In the last post, I addressed some of my reasons for focusing on popular culture as a subset of my academic life. In this post, I’d like to examine the reasons that I study fans of popular culture, as well.

Fandom seems trivial to a lot of people, and fans themselves are often objects of ridicule. People who do not identify themselves as fans often identify fans with the etymology of the term and cast them as “fanatics.” Fans are those other people over there, the strange ones who cannot tell reality from fantasy, who spend their time and money on frivolous pursuits and “weird” hobbies like dressing up in costumes or stealing other people’s characters to write stories because they aren’t creative enough to come up with their own.

As scholars of fan studies, we come up against these biases often in explaining (justifying) our work. But fandom is not merely an aberration, something on the fringes of our culture. Instead, fandom offers a microcosm of our culture and a way to begin inquiry into movements and constructions that affect the world as a whole.

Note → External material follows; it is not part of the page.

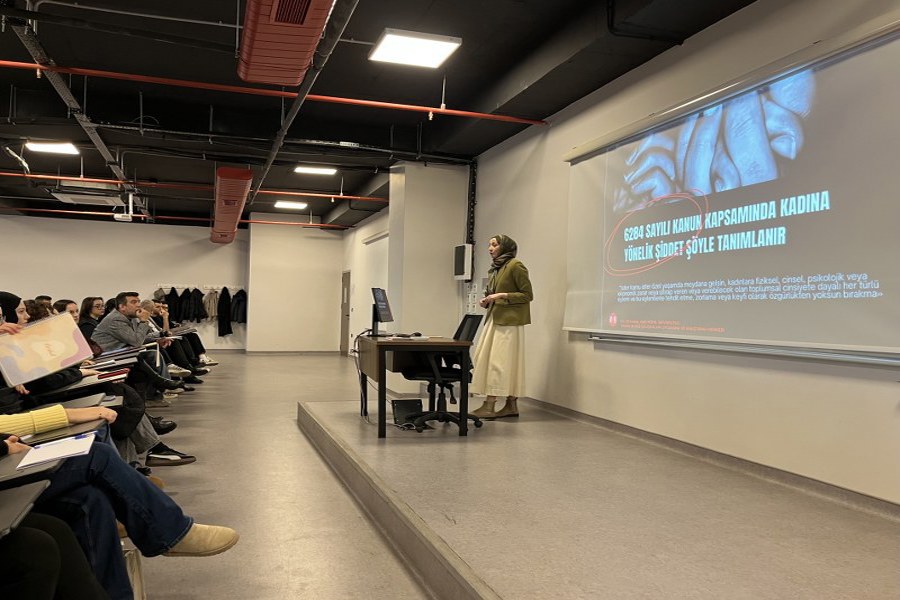 İstanbul Yeni Yüzyıl Üniversitesi Kadın ve Aile Çalışmaları Uygulama ve Araştırma Merkezi tarafından, Bayrampaşa Kampüsümüzde öğrenim gören 1. ve 2. sınıf öğrencilerine yönelik “KADES’i Tanı, Hayatını Koru” başlıklı bir bilgilendirme sunumu düzenlendi.

The first wave of fan studies focused on all of the positives of fandom, celebrating it as the resistant movement of the disempowered. The second wave explored how fan hierarchies mirrored those in the larger social and cultural world. The third wave, which (as with feminism) we are now in, chooses to examine fandom through the lens of modernity to capture “fundamental insights into modern life” (Gray, et al. 9).

Everyone is a fan of something. However, focusing on the triviality of which some accuse fandom, Jonathan Gray and his coauthors ask

“How can a focus on pleasure and entertainment be justified at the end of what will enter history books as a century of violence, driven by rapid social, cultural, economic and technological change, and with the twenty-first century set to follow the same trajectory? What contribution can the study of fandom make to a world faced with war, ethnic conflicts, widening inequality, political and religious violence, and irreversible climate change, among other disasters?” (Gray, et. al., 1.)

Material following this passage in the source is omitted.